Stress-Relieving Breath Tips
Start this exercise breathing in and out through the nose. The nasal passageways clean and warm the incoming air, while also controlling with more precision the volume of the breath. Imagine sipping through a straw rather than taking a big gulp.
Allow your belly to gently expand as you inhale and freely release as you exhale. This movement in the abdomen stimulates the vagus nerve and activates the parasympathetic nervous system (rest-and-digest). This gives your sympathetic nervous system (fight-or-flight) a well-deserved break.
After you feel comfortable breathing in and out through the nose, try exhaling through the mouth and prolong the exhalation to deepen the relaxation response.
Produce an audible sigh, “aaahhhhhh…”, during the exhalation to enhance your awareness of the breath and its stress-reducing benefits.
The breath is our lifetime companion and always there when we need to hit the pause button, reflect for a moment and then proceed.

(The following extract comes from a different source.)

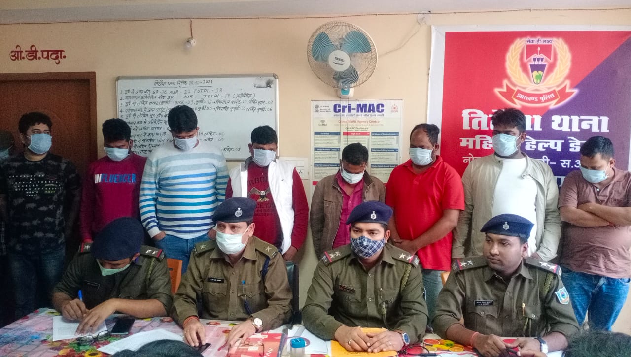 कोडरमा। तिलैया थाना क्षेत्र के इंदरवा छठ तालाब के समीप एक पक्के मकान में जुआ संचालन की सूचना पर सोमवार की रात तिलैया पुलिस ने एक बड़ी कार्रवाई की है। मंगलवार की सुबह तिलैया थाना में प्रेस वार्ता आयोजित कर तिलैया थाना प्रभारी अजय कुमार सिंह ने बताया कि सोमवार की रात गुप्त सूचना मिलने पर पुलिस टीम के द्वारा तिलैया थाना क्षेत्र के इंदरवा छठ तलाब रोड स्थित सौरभ कुमार के घर पर रात करीब 12:30 बजे घेराबंदी कर छापेमारी की गई। जहां एक कमरे के भीतर से 11 लोगों को जुआ खेलते हुए गिरफ्तार किया गया है। तिलैया थाना प्रभारी अजय सिंह ने बताया कि सौरभ कुमार के घर को अवैध तरीके से राहुल सिंह के द्वारा जुआ अड्डा के संचालन के रूप में इस्तेमाल किया जा रहा था। पुलिस की कार्रवाई के दौरान राहुल सिंह, संजीव कुमार, शशांक सिंह, प्रभु वर्मा, संतोष कुमार, सौरभ कुमार, गुरमीत सिंह, अमरनाथ कुमार, लक्ष्मीकांत मेहता, सूरज कुमार एवं पप्पू मेहता को गिरफ्तार किया गया है। तिलैया थाना प्रभारी अजय सिंह ने बताया कि छापेमारी के दौरान घटनास्थल से 4 लाख 10 हज़ार एक सौ रुपये बरामद किया गया। इस दौरान जुआ अड्डा पर कई गाड़ियों को भी पुलिस के द्वारा जप्त किया गया है। जब्त गाड़ियों में एक बलेनो कार, स्विफ्ट डिजायर कार, पल्सर मोटरसाइकिल, टीवीएस कंपनी की स्कूटी शामिल है। तिलैया थाना प्रभारी ने बताया कि इस मामले में प्राथमिकी दर्ज करने के बाद सभी एक 11 लोगों को गिरफ्तार कर जेल भेज दिया जाएगा। छापेमारी दल में पुलिस अवर निरीक्षक ऋषिकेश कुमार सिन्हा, आनंद मोहन कुमार, सहायक अवर निरीक्षक विकेश कुमार, हवलदार अगनु साहू, अशोक पंडित, पैंथर जवान उमेश कुमार, उदय कुमार, अनिल कुमार यादव शामिल थे।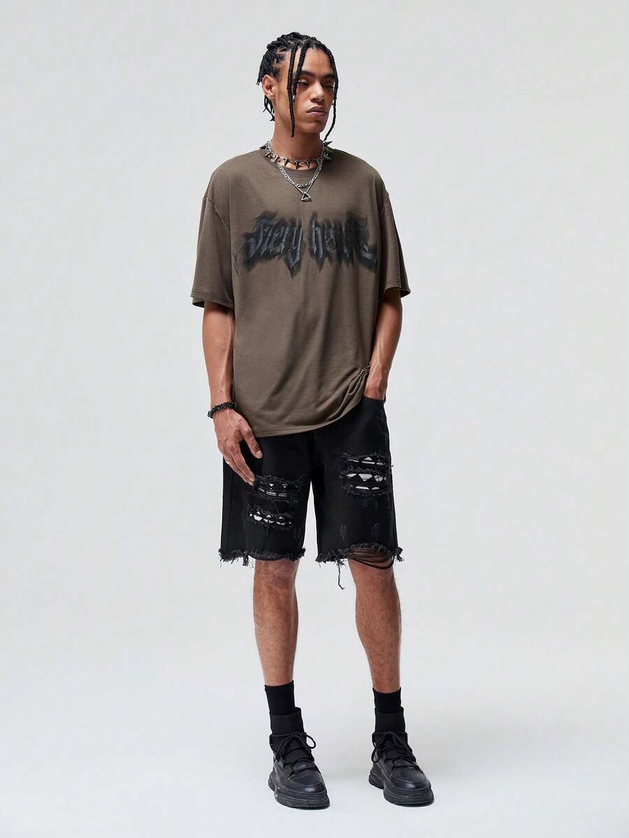 Street Life شورت دنيم قطن ممزق مهتري الحواف حافة خام للشباب

We hope you are able use these conscious breathing exercises to take better care of yourself and those around you. Feel free to share with us any insights you have on your breathing journey moving forward!
Our breath is always there for us, 24,000 times a day.
References Hafenbrack, A. 2017. Mindfulness Meditation as an On-The-Spot Workplace Intervention. Journal of Business Research. 75, 118-129.
Heckenberg, R., Eddy, P., Kent, S. & Wright, B. (2018) Do workplace-based mindfulness meditation programs improve physiological indices of stress? A systematic review and meta-analysis. Journal of Psychosomatic Research, 114, 62-71.
Streeter, C. C., P. L. Gerbarg, T. H. Whitfield, L. Owen, J. Johnston, M. M. Silveri, M. Gensler, et al. 2017. “Treatment of Major Depressive Disorder with Iyengar Yoga and Coherent Breathing: A Randomized Controlled Dosing Study.” Journal of Alternative and Complementary Medicine 23 (3): 201-207.
Tang, Y., Holzel, B. & Posner, M. (2015). The Neuroscience of Mindfulness Meditation, Nature Reviews Neuroscience, 16 (April 2015) 213-225.